Top of THE DATA
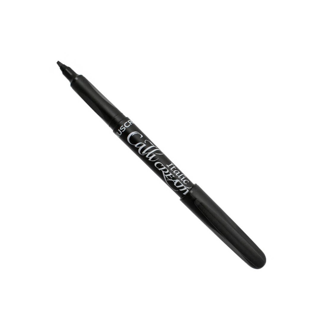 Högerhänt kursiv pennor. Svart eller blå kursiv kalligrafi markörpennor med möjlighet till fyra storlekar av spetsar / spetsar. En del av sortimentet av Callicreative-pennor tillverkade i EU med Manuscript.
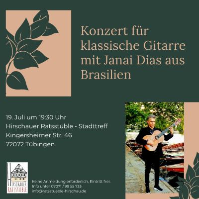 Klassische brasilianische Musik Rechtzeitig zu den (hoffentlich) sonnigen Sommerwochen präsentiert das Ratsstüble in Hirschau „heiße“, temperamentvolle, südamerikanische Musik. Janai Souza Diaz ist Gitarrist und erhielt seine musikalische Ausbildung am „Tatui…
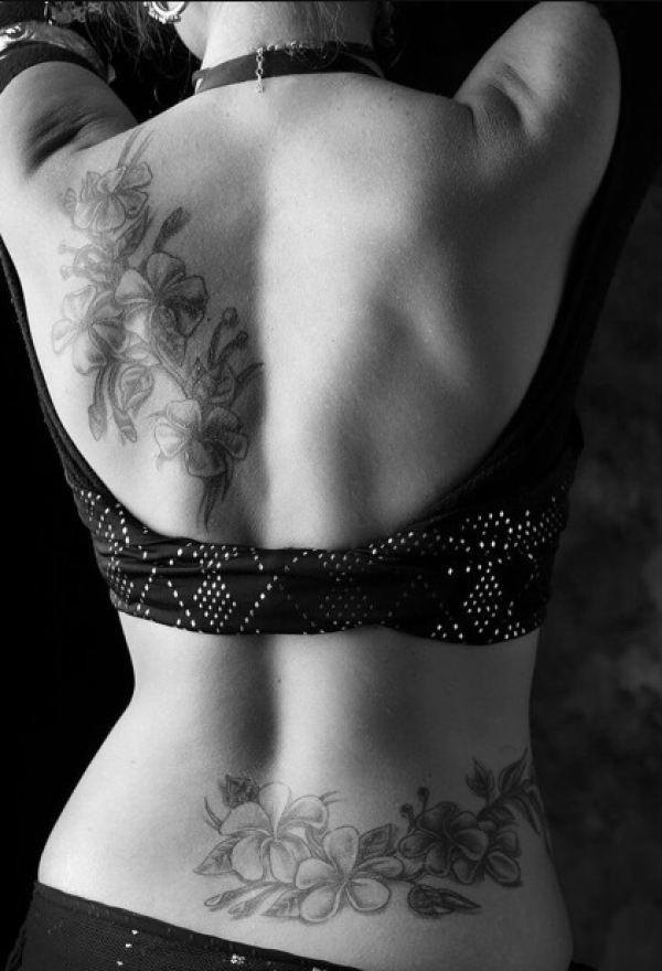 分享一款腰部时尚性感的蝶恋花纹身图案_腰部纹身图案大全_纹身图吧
Bottom of THE DATA
Top of THE DATA
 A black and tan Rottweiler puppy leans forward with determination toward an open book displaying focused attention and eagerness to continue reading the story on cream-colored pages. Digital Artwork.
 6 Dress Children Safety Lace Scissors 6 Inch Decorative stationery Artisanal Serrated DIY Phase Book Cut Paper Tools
Bottom of THE DATA
Top of THE DATA
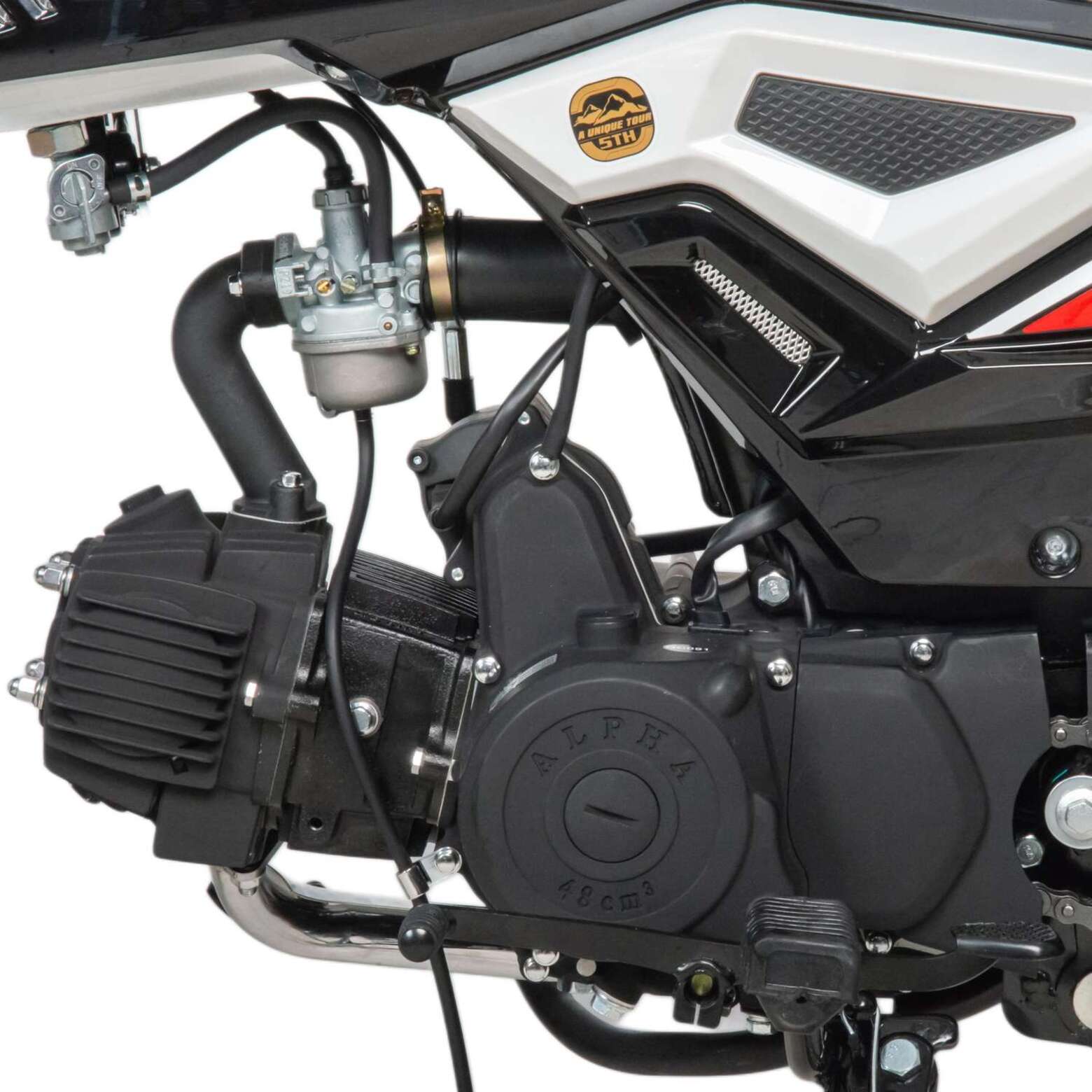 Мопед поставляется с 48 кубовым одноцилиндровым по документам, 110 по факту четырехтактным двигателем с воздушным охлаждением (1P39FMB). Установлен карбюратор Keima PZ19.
Bottom of THE DATA
▶ EXERCISE REQUIREMENTS: Set down exactly the lines above, from the line containing "Högerhänt kursiv pennor." through the line containing "分享一款腰部时尚性感的蝶恋花纹身图案_腰部纹身图案大全_纹身图吧". Skip the pictures.

▶ REPLY TO THE EXERCISE:
 Högerhänt kursiv pennor. Svart eller blå kursiv kalligrafi markörpennor med möjlighet till fyra storlekar av spetsar / spetsar. En del av sortimentet av Callicreative-pennor tillverkade i EU med Manuscript.
 Klassische brasilianische Musik Rechtzeitig zu den (hoffentlich) sonnigen Sommerwochen präsentiert das Ratsstüble in Hirschau „heiße“, temperamentvolle, südamerikanische Musik. Janai Souza Diaz ist Gitarrist und erhielt seine musikalische Ausbildung am „Tatui…
 分享一款腰部时尚性感的蝶恋花纹身图案_腰部纹身图案大全_纹身图吧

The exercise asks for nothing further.